══ Collected data
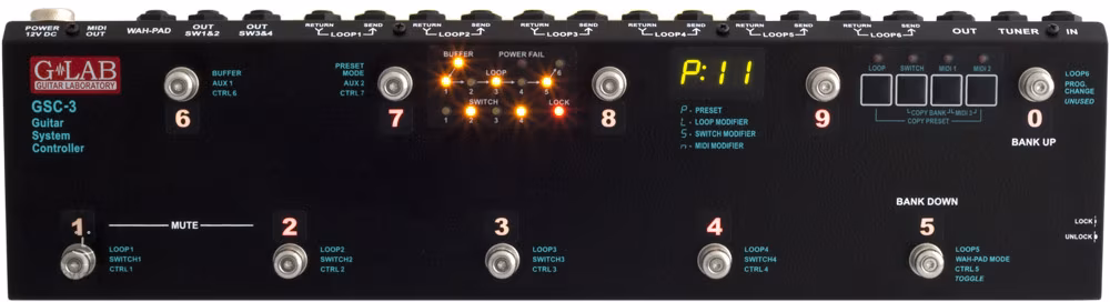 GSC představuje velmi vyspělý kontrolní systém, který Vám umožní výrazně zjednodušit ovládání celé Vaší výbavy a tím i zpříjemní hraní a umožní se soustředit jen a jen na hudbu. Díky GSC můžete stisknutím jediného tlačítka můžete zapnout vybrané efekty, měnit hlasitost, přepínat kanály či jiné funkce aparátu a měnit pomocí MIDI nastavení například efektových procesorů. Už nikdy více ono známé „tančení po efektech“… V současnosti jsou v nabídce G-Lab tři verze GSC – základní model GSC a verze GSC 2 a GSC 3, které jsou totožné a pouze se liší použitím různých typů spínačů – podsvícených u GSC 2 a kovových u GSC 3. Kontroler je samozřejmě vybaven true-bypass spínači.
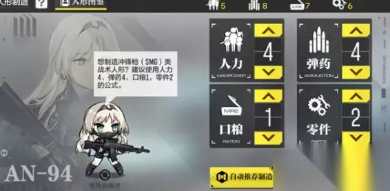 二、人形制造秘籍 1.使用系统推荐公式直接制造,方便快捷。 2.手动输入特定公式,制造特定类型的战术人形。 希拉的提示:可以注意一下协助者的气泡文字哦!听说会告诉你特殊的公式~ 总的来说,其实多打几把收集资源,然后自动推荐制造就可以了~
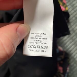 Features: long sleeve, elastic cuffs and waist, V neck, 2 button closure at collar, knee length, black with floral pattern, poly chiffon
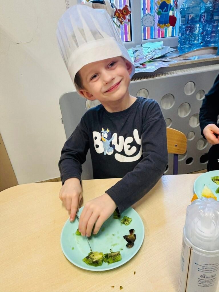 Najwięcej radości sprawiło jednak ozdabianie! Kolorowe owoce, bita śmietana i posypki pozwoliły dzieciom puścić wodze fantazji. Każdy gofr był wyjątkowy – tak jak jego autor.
════
- Your assignment
Where pictures occur in the material above, omit them and return everything else exactly.

- Result of the exercise
 GSC představuje velmi vyspělý kontrolní systém, který Vám umožní výrazně zjednodušit ovládání celé Vaší výbavy a tím i zpříjemní hraní a umožní se soustředit jen a jen na hudbu. Díky GSC můžete stisknutím jediného tlačítka můžete zapnout vybrané efekty, měnit hlasitost, přepínat kanály či jiné funkce aparátu a měnit pomocí MIDI nastavení například efektových procesorů. Už nikdy více ono známé „tančení po efektech“… V současnosti jsou v nabídce G-Lab tři verze GSC – základní model GSC a verze GSC 2 a GSC 3, které jsou totožné a pouze se liší použitím různých typů spínačů – podsvícených u GSC 2 a kovových u GSC 3. Kontroler je samozřejmě vybaven true-bypass spínači.
 二、人形制造秘籍 1.使用系统推荐公式直接制造,方便快捷。 2.手动输入特定公式,制造特定类型的战术人形。 希拉的提示:可以注意一下协助者的气泡文字哦!听说会告诉你特殊的公式~ 总的来说,其实多打几把收集资源,然后自动推荐制造就可以了~
 Features: long sleeve, elastic cuffs and waist, V neck, 2 button closure at collar, knee length, black with floral pattern, poly chiffon
 Najwięcej radości sprawiło jednak ozdabianie! Kolorowe owoce, bita śmietana i posypki pozwoliły dzieciom puścić wodze fantazji. Każdy gofr był wyjątkowy – tak jak jego autor.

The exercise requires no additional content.